When Massachusetts outlawed flavored tobacco in 2019, the goal was to reduce smoking, especially among young people - but did it work?
A new study by the Tax Foundation, an economic and political think tank, found that the Massachusetts ban does not appear to have stopped many people from buying tobacco, but it did coincide with increased sales in neighboring states.
“Early signs indicate that the ban will not decrease tobacco consumption in the state,” the Tax Foundation said. “It is not in the interest of Massachusetts to pursue a public health measure that merely sends tax revenue to its neighboring states without improving public health.”
Since June 2020 flavored tobacco products - including menthol cigarettes - have been banned from sale in Massachusetts.

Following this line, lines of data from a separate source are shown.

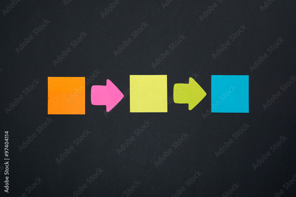 Paper notes and arrows on black board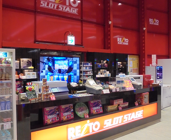 真っ白で大きな看板がとてもよく目立つなど、外観も特徴的なパチスロ専門店だ。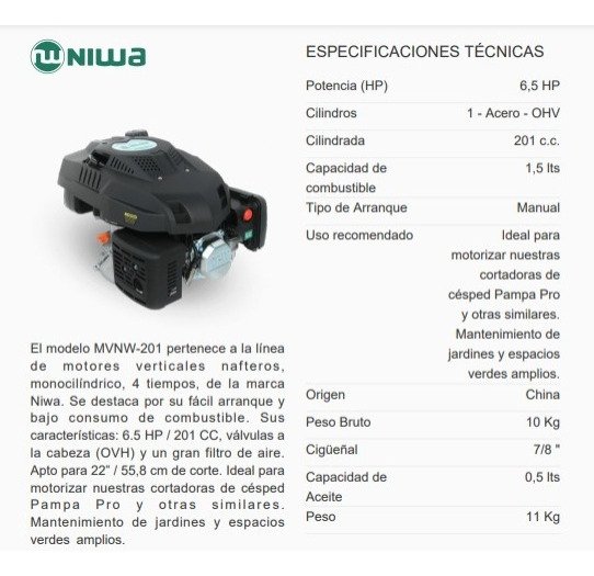 El modelo MVNW-200 pertenece a la línea de motores verticales nafteros, monocilíndrico, 4 tiempos, de la marca Niwa. Se destaca por su fácil arranque y bajo consumo de combustible. Sus características: 6.5 HP / 200 CC, válvulas a la cabeza (OVH) y un gran filtro de aire. Apto para 22” / 55,8 cm de corte. Ideal para motorizar nuestras cortadoras de césped Pampa Pro y otras similares. Mantenimiento de jardines y espacios verdes amplios.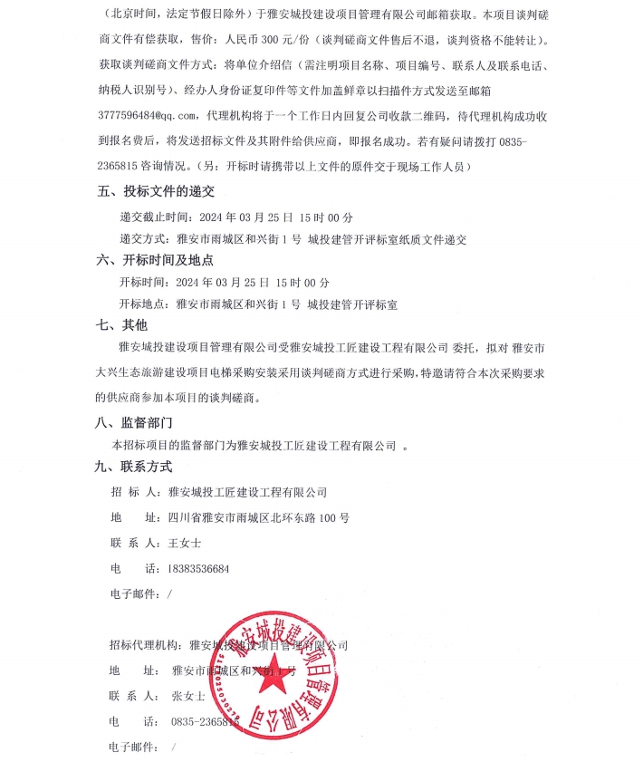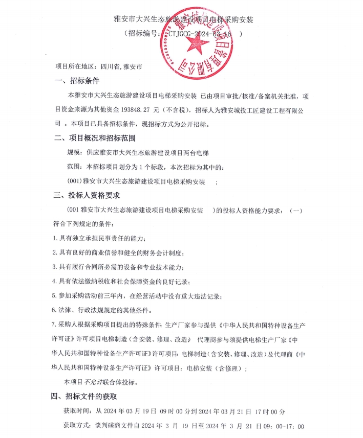 雅安市大興生態(tài)旅游建設(shè)項目電梯采購安裝公告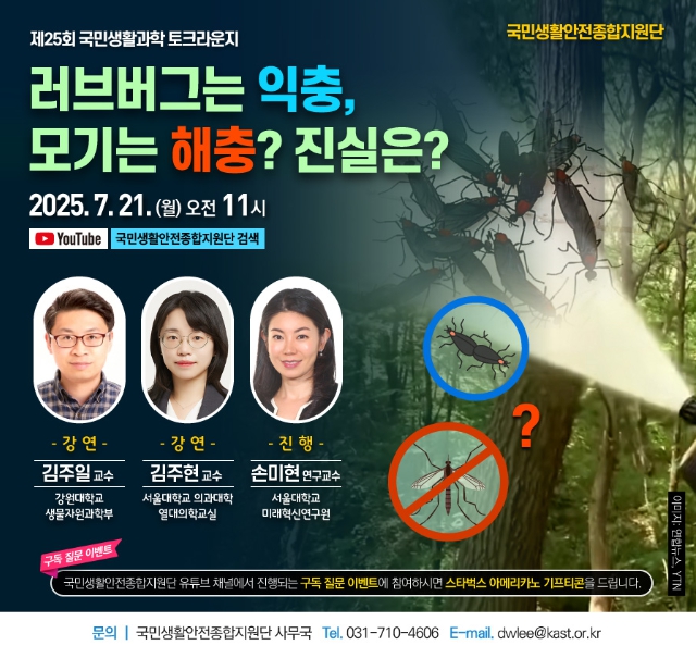 이야기 마당(토크라운지)은 국민적 관심도가 높은 다양한 사회문제에 대한 과학적 분석을 통해 국민들의 이해를 돕는 역할로 7월 21일 11시에 개최되는 이번 이야기 마당(토크라운지)에서는 요즘 언론에서 자주 언급되고 있는붉은등우단털파리(러브버그)에 대해 다룬다.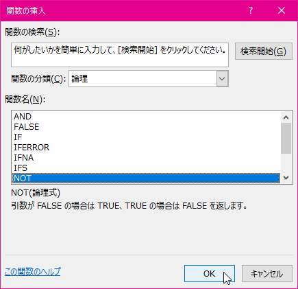 - NOT関数を選択して[OK]ボタンをクリックします。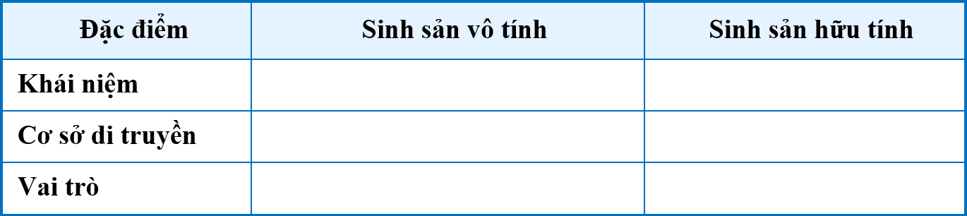 a) Phân biệt đặc điểm hình thức sinh sản vô tính và sinh sản hữu tính bằng cách hoàn thành bảng sau:
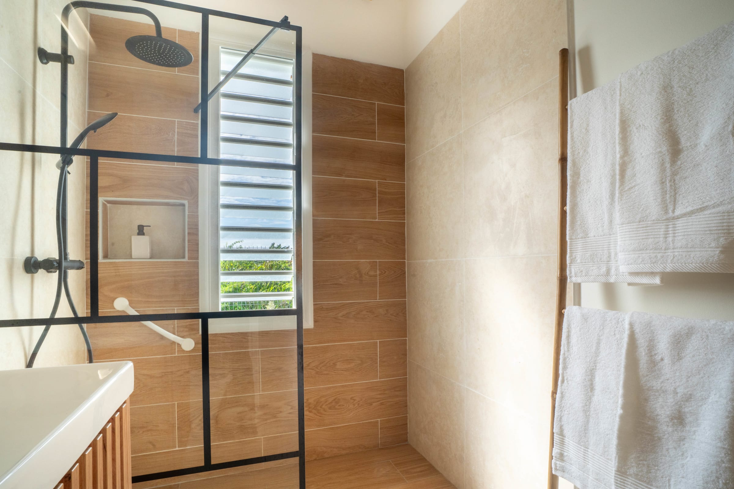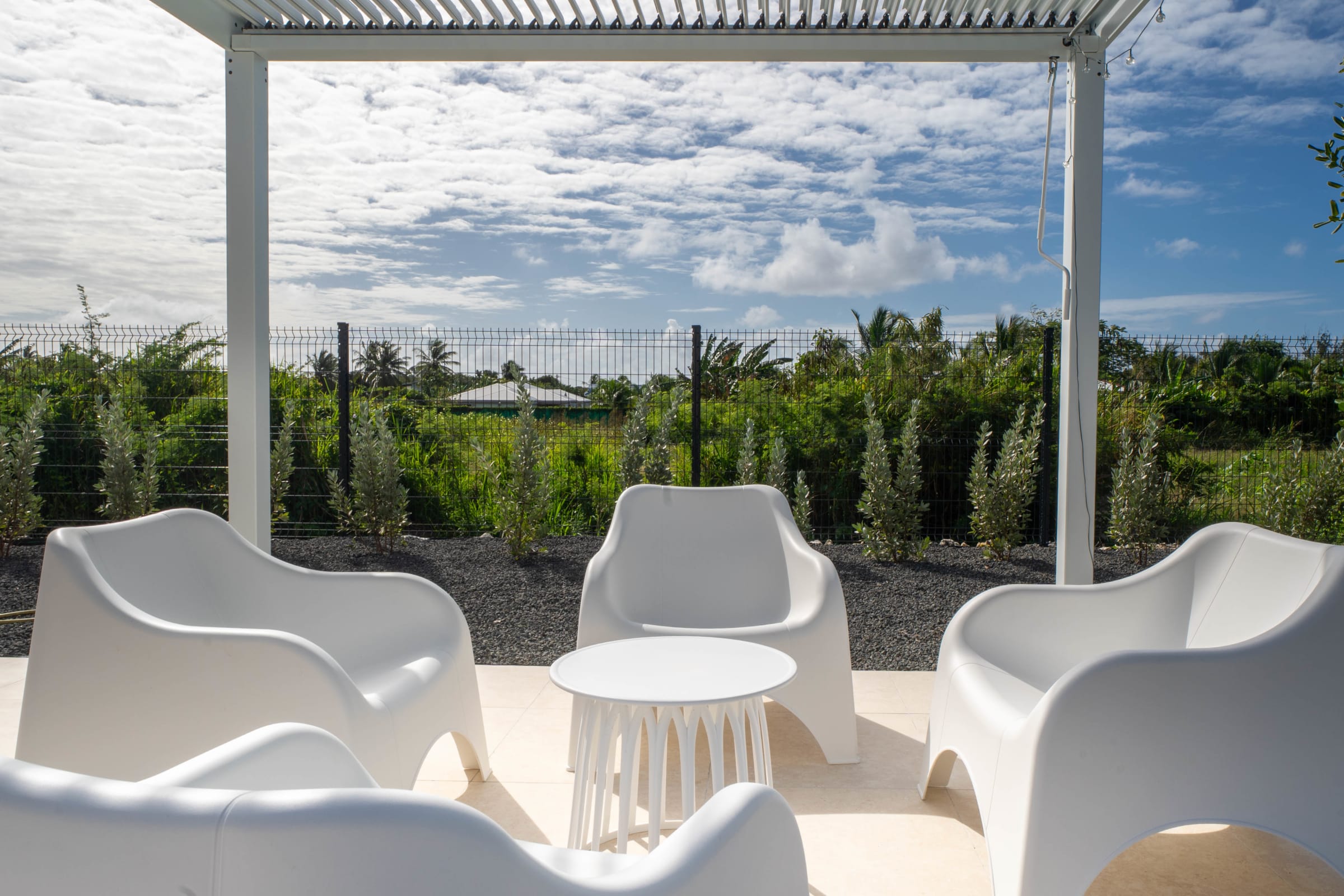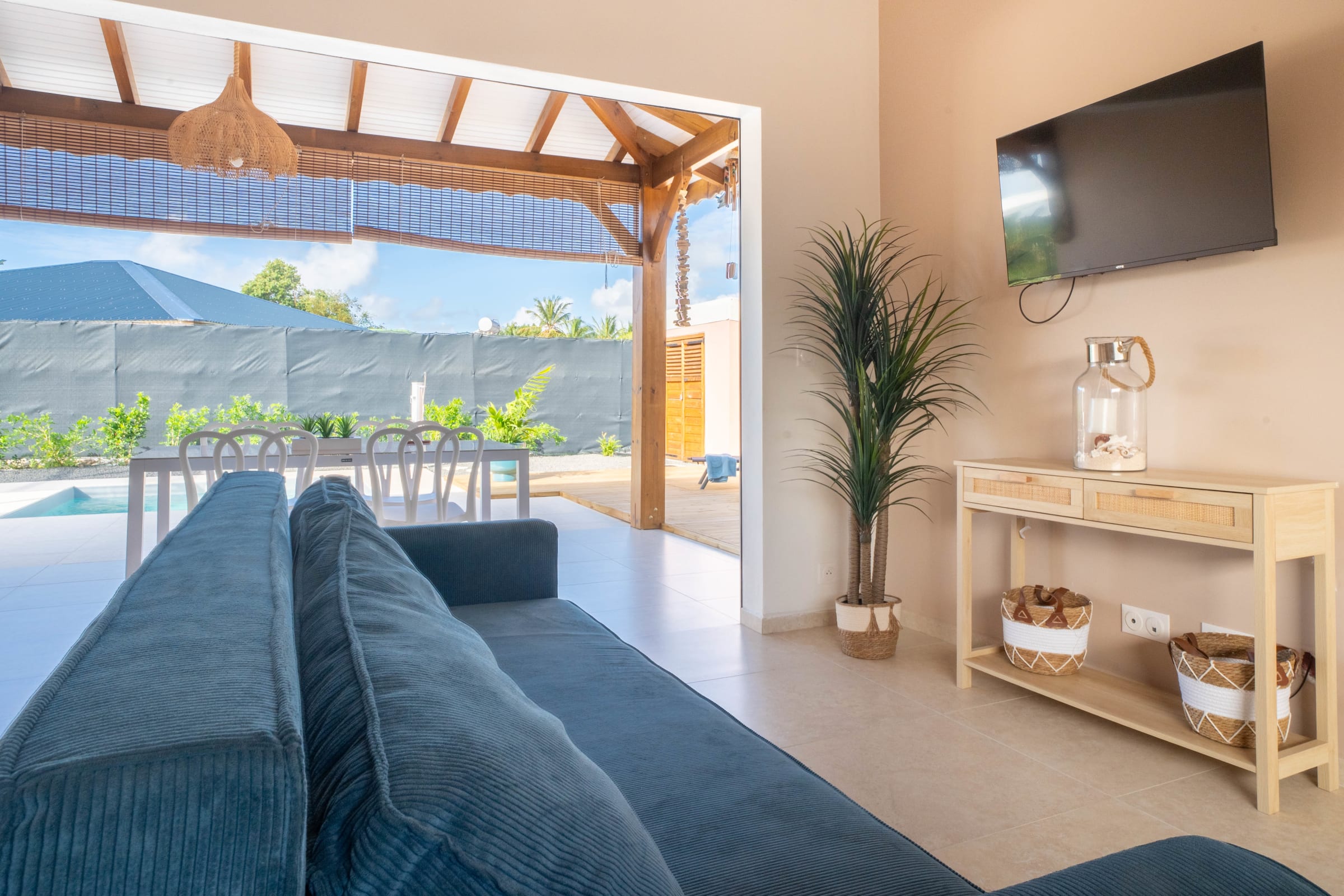 Enjoy a fully equipped modern kitchen that opens onto a large plunge pool, the perfect spot to sip a cocktail under the Caribbean sun. The private 3x3 meter swimming pool invites you to moments of pure relaxation. For those wishing to stay as a group, the adjoining twin villa (Cotoon Lodge 2 - Ti Koton) next door allows accommodation for up to 8 guests in complete privacy.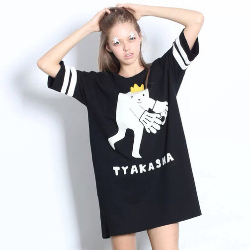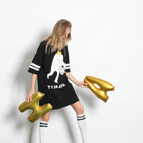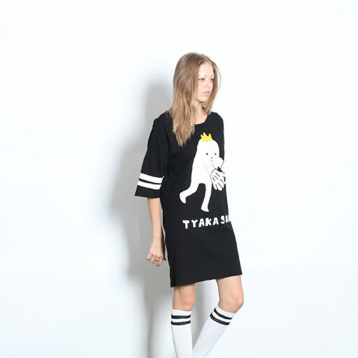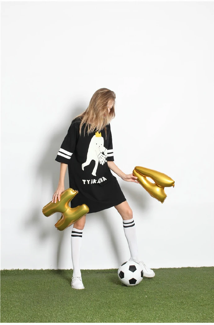 Fashion Design New Women Summer Dress Cute Football Baby Printed Casual Loose Femal Black Dresses High Quality Short Sleeve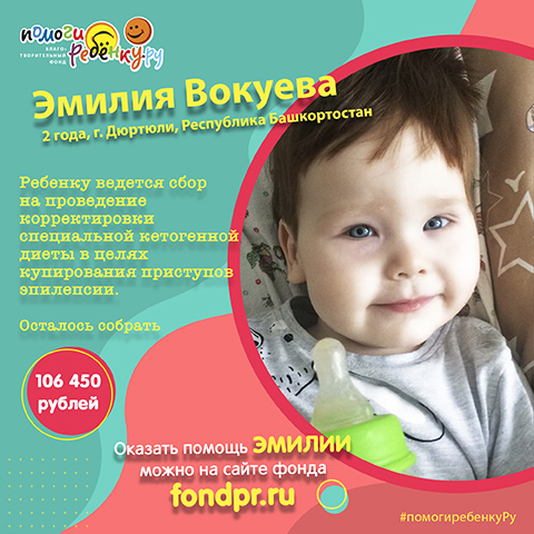 У 2-летней Эмилии Вокуевой тяжелая форма эпилепсии. Раньше на малышку обрушивались по 4-5 приступов в день. И ее развитие остановилось. Все изменилось благодаря подобранной врачами кетогенной диете. Эмилия стала расти и развиваться. И сейчас может заниматься реабилитацией, чтобы восстановить утраченные навыки. В последние месяцы Эмилия научилась сидеть с опорой. И сейчас главное - чтобы приступы не вернулись! Для этого в мае малышка должна поехать в клинику для корректировки диеты. Чтобы эта поездка состоялась, надо собрать еще 108 795 руб.
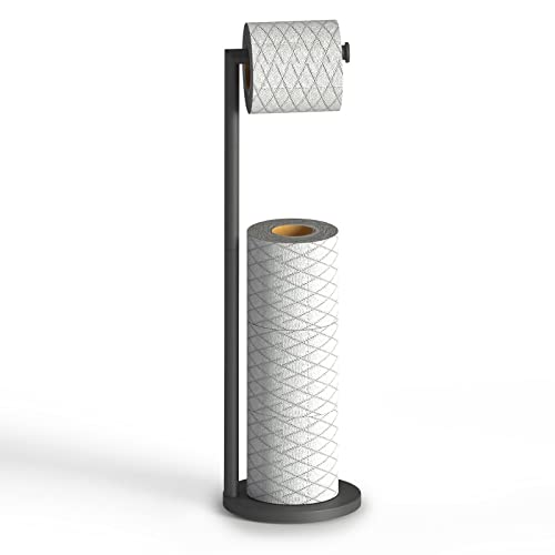 DECLUTTR Free Standing Bathroom Toilet Paper Holder Stand with Reserve, Stainless Steel Pedestal Tissue Roll Holder, Black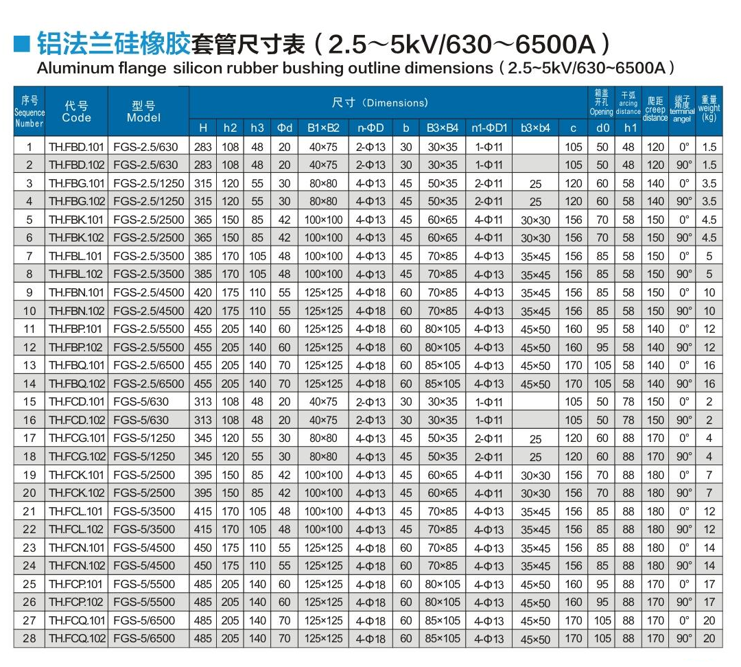 鋁法蘭硅橡膠套管2.5~5kV/630~6500A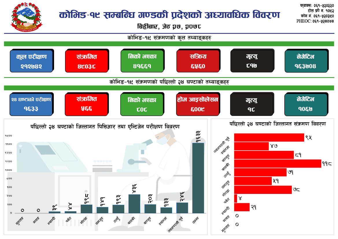 मृत्यु भएका मध्य कास्कीका ७ जना, गोरखाका ३ जना, नवलपरासीका २ जना, तनहुँका १ जना, म्याग्दी १ जना, बाग्लुंग ३ जना, स्यांजा १ जना, संक्रमितको मृत्यु भएको छ । गण्डकीमा बिहिबार ८०८ नयाँ संक्रमित थपिएका छन । ३३२ पुरुष र ३३१ नयाँ थपिएका हुन । थपिएका मध्य कास्कीका ११८, नवपरासीका ९५, स्यांजाका ४७, बाग्लुंगका ८१, तनहुँ ७१, लम्जुलंगका ५१, गोरखा ७८, पर्वत ४, म्याग्दीका २१ जनामा संक्रमण पुष्टि भएको छ ।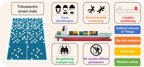 Monitoring the crew of a ship can be performed by combining sensors and artificial intelligence methods to process sensing data. In this study, we developed a deep learning (DL)-assisted minimalist structure triboelectric smart mat system for obtaining abundant crew information without the privacy concerns of taking video. The smart mat system is fabricated using a conductive sponge with different filling rates and a fluorinated ethylene propylene membrane. The proposed dual-channel measurement method improves the stability of the generated signal. Comprehensive crew and cargo monitoring, including personnel and status identification, as well as positioning and counting functions are realized by the DL-assisted triboelectric smart mat system according to the analysis of instant sensory data. Real-time monitoring of crews through fixed and mobile devices improves the ability and efficiency of handling emergencies. The smart mat system provides privacy concerns and an effective way to build ship Internet of Things and ensure personnel safety.

To figure out the effect of the ban, Tax Foundation looked at the sale of tobacco tax stamps from June-September 2019 and the same time period a year later in 2020.
Over the course of a year, tax stamp sales decreased by 24 percent in Massachusetts but went up by 34 percent in New Hampshire and 25 percent in Rhode Island.
Other nearby states saw increased tax stamp sales, too - Vermont sales went up by 11 percent, New York’s rose by 5 percent, and in Connecticut, there was a 3 percent increase.
The Tax Foundation pointed out that the shift has an impact on tax revenue for the states. Taxes collected from cigarette sales decreased by 10 percent in the first half of 2020, which translated into a decline of about $50 million in revenue.
“That revenue is now being collected by Massachusetts’ neighbors,” the Tax Foundation said in a press release.